Que dire du sermon sur la montagne, où on trouve la parole « Mais moi je vous dis de ne pas résister au méchant. Si quelqu’un te gifle sur la joue droite, tends-lui aussi l’autre » (Matthieu 5,39) ? Jésus s’adresse ici à ses disciples devant une foule d’Israelites qui pleurent, à cause de longs siècles de désobéissance collective à Dieu, l’injustice et la misère qui sévissent dans le pays. Les velléités de révoltes sont nombreuses, et les réponses du pouvoir romain aux insurrections sont sanglantes. Les Israélites ont pourtant en tête les promesses de bonheur faites par Dieu avant leur entrée en Terre promise s’ils lui obéissent (Deutéronome 28,1). Or Jésus est le Messie qui vient restaurer et libérer Israël afin qu’il bénisse toutes les nations. Dans le cadre du renouvellement de l’alliance de Dieu avec son peuple (Matthieu 5, 3-11), Jésus invite probablement (5,41 renvoie assez clairement à une forme de persécution du pouvoir romain) à ne pas résister violemment au pouvoir. Si tel est le cas, cette position de Jésus de non-résistance à un pouvoir oppresseur se retrouve chez Paul en Romains 12,17-13,10, où Paul invite à ne pas résister à un pouvoir romain très menaçant, mais à compter sur l’intervention divine (voir Deutéronome 32, 35).

Ainsi, de manière générale, il me semble que la Bible légitime la « légitime défense », mais sa position est toute différente face à un pouvoir injuste.

 

Jésus se servit d’un fouet pour chasser les marchands du temple. Que dois-je comprendre dans ce geste (un peu violent)- une légitimation de la violence pour combattre le mal ? [Michel]

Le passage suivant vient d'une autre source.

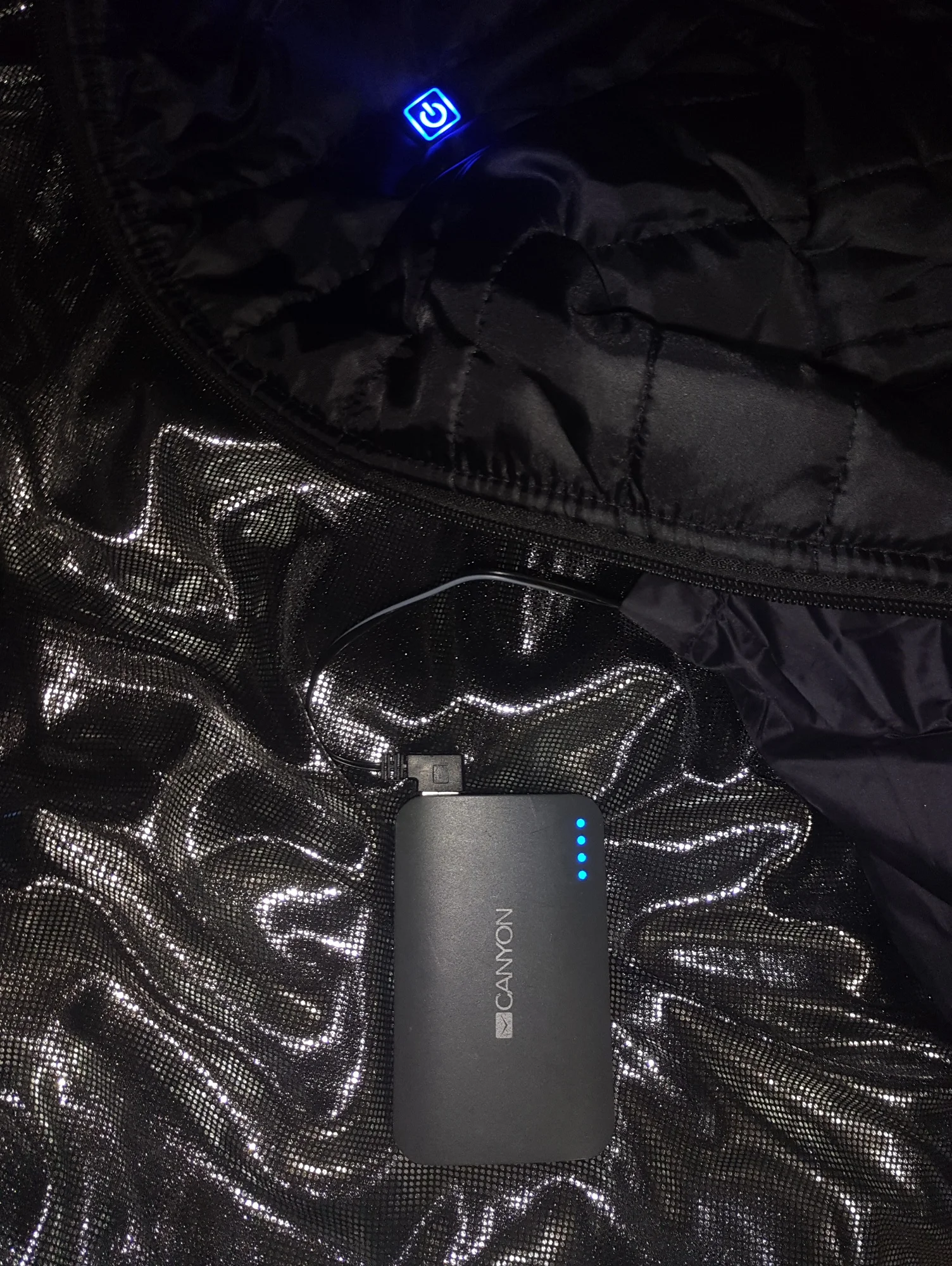 Хорошая куртка, работает. Пришла хорошо упакована. Работает режим подогрева (пригодился старый павербанк). Греет не плохо.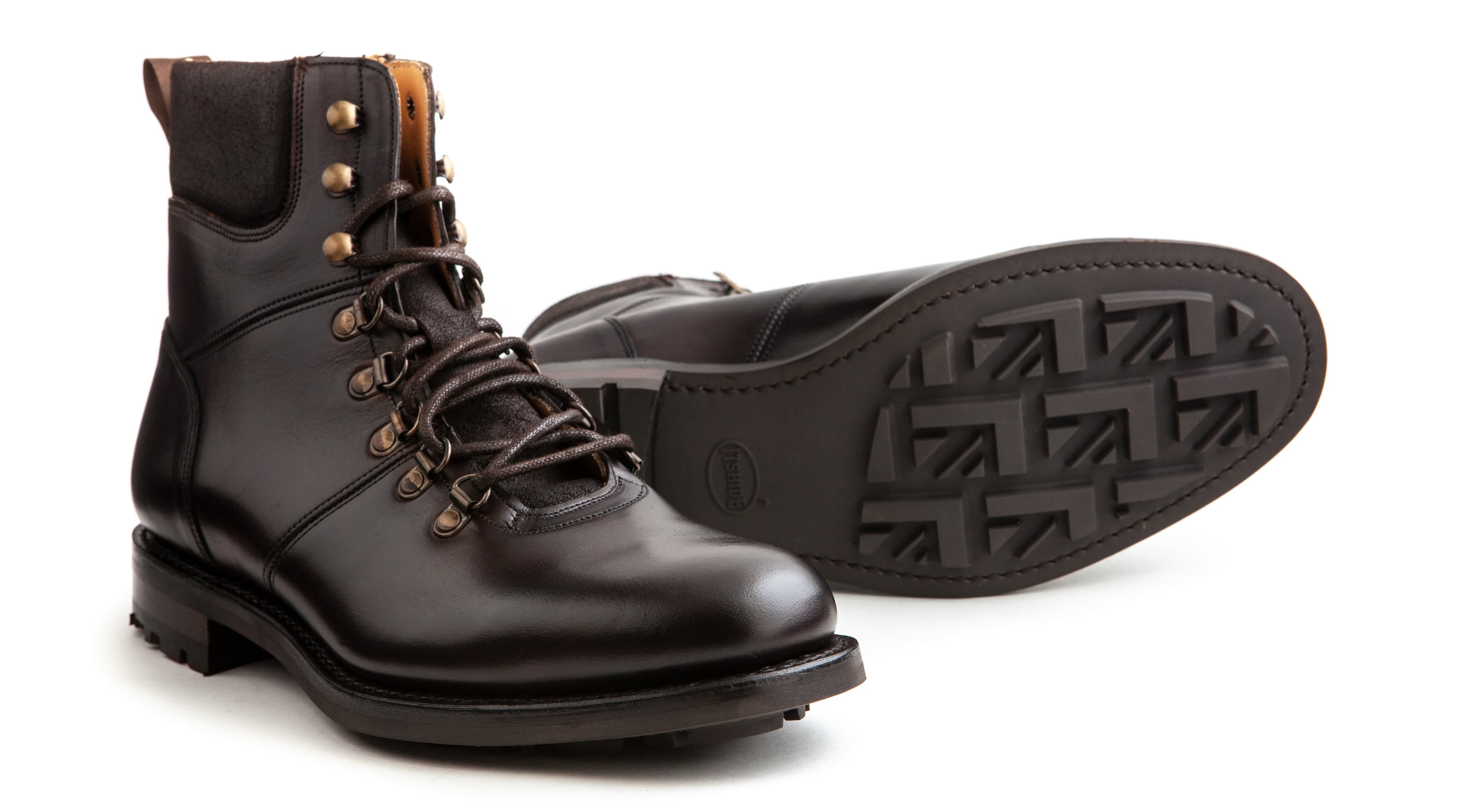 The Ingleborough is a hiker boot made in Horween’s Chromexcel leather. With BritGrip rubber soles and a padded shaft, it offers a refined take on the hiker without sacrificing any rugged durability.

Jésus pose cet acte en temps que Fils de Dieu. Il est le messager de Malachie 3/1-5, celui qui juge pour purifier ce qui n’est pas juste dans notre relation à Dieu. N’étant pas Dieu, n’étant pas de ceux qui jugent mais plutôt de ceux qui sont jugés, nous ne pouvons pas employer ce passage pour justifier notre violence.
Ce texte, qui nous dit qui est Jésus, nous dit aussi qui nous pouvons être en lui : des humains qui adorent en Esprit et en vérité (Jean 4/20-21, annoncé en Zacharie 14/20-21).

Il y a une trentaine d’années- j’ai très très sévèrement rossé un voyou qui attaquait physiquement ma Mignonne. Quel est le point de vue du Seigneur face à mon attitude ? [Michel]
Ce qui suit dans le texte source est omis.